GIVEN INFORMATION
((
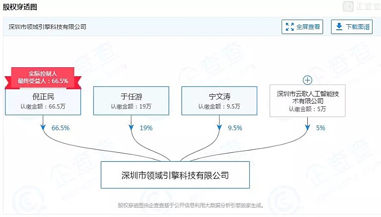 据企查查数据显示,由王欣担任股东和CEO的深圳市云歌人工智能技术有限公司今日新增了一项对外投资,所投公司为深圳市领域引擎科技有限公司。
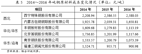 需要說明的是,在表2、表3和表4中,對鋼材成本的測算只抓住了影響鋼材成本的核心變量;因此,測算出各類鋼材成本變動呈現(xiàn)高度的一致性。通過對圖2的觀察以及上文分析,可以得到如下有意義的結(jié)論:鋼材價格決定了鋼鐵企業(yè)在行業(yè)景氣度上行時是否盈利,而鋼材成本決定了鋼鐵企業(yè)在行業(yè)景氣度下行時是否虧損;行業(yè)景氣度上行階段,各家鋼鐵企業(yè)主要信用風(fēng)險均被利潤掩蓋;而行業(yè)景氣度下行階段,企業(yè)運營中不變的成本才是決定鋼鐵企業(yè)信用質(zhì)量的核心。因此,剔除鋼鐵行業(yè)周期性波動以探討鋼鐵企業(yè)信用風(fēng)險的核心就落在了噸鋼成本上。 三 噸鋼制造成本核算及展望 綜合來看,原材料成本、燃料成本、折舊成本和人工及其他成本占噸鋼制造成本的比重大致為67%、16%、4%和13%。2014~2016年,鐵礦石、煤炭、焦炭等上游與原燃料價格波動較大,受供給側(cè)改革影響,走勢出現(xiàn)分化;主要表現(xiàn)為,原材料成本占噸鋼制造成本比重下滑,燃料成本和人工及其他成本占噸鋼制造成本比重上升。
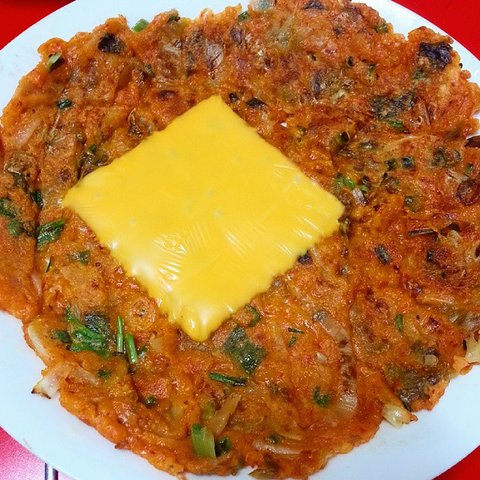 와이프가 치즈를 좋아해서 김치전에 슬라이드 치즈라도 올려봤습니다 ㅎㅎ
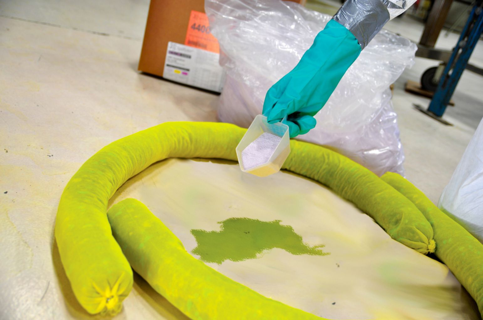 Spilfyter* KOLOR-SAFE* Neutralizer^ #10 bulk dry neutralizer for minimizing risks associated with acids. For containment of acid spills.
))
WHAT TO PRODUCE
Repeat every line above exactly, but omit all images.

WRITTEN SOLUTION
 据企查查数据显示,由王欣担任股东和CEO的深圳市云歌人工智能技术有限公司今日新增了一项对外投资,所投公司为深圳市领域引擎科技有限公司。
 需要說明的是,在表2、表3和表4中,對鋼材成本的測算只抓住了影響鋼材成本的核心變量;因此,測算出各類鋼材成本變動呈現(xiàn)高度的一致性。通過對圖2的觀察以及上文分析,可以得到如下有意義的結(jié)論:鋼材價格決定了鋼鐵企業(yè)在行業(yè)景氣度上行時是否盈利,而鋼材成本決定了鋼鐵企業(yè)在行業(yè)景氣度下行時是否虧損;行業(yè)景氣度上行階段,各家鋼鐵企業(yè)主要信用風(fēng)險均被利潤掩蓋;而行業(yè)景氣度下行階段,企業(yè)運營中不變的成本才是決定鋼鐵企業(yè)信用質(zhì)量的核心。因此,剔除鋼鐵行業(yè)周期性波動以探討鋼鐵企業(yè)信用風(fēng)險的核心就落在了噸鋼成本上。 三 噸鋼制造成本核算及展望 綜合來看,原材料成本、燃料成本、折舊成本和人工及其他成本占噸鋼制造成本的比重大致為67%、16%、4%和13%。2014~2016年,鐵礦石、煤炭、焦炭等上游與原燃料價格波動較大,受供給側(cè)改革影響,走勢出現(xiàn)分化;主要表現(xiàn)為,原材料成本占噸鋼制造成本比重下滑,燃料成本和人工及其他成本占噸鋼制造成本比重上升。
 와이프가 치즈를 좋아해서 김치전에 슬라이드 치즈라도 올려봤습니다 ㅎㅎ
 Spilfyter* KOLOR-SAFE* Neutralizer^ #10 bulk dry neutralizer for minimizing risks associated with acids. For containment of acid spills.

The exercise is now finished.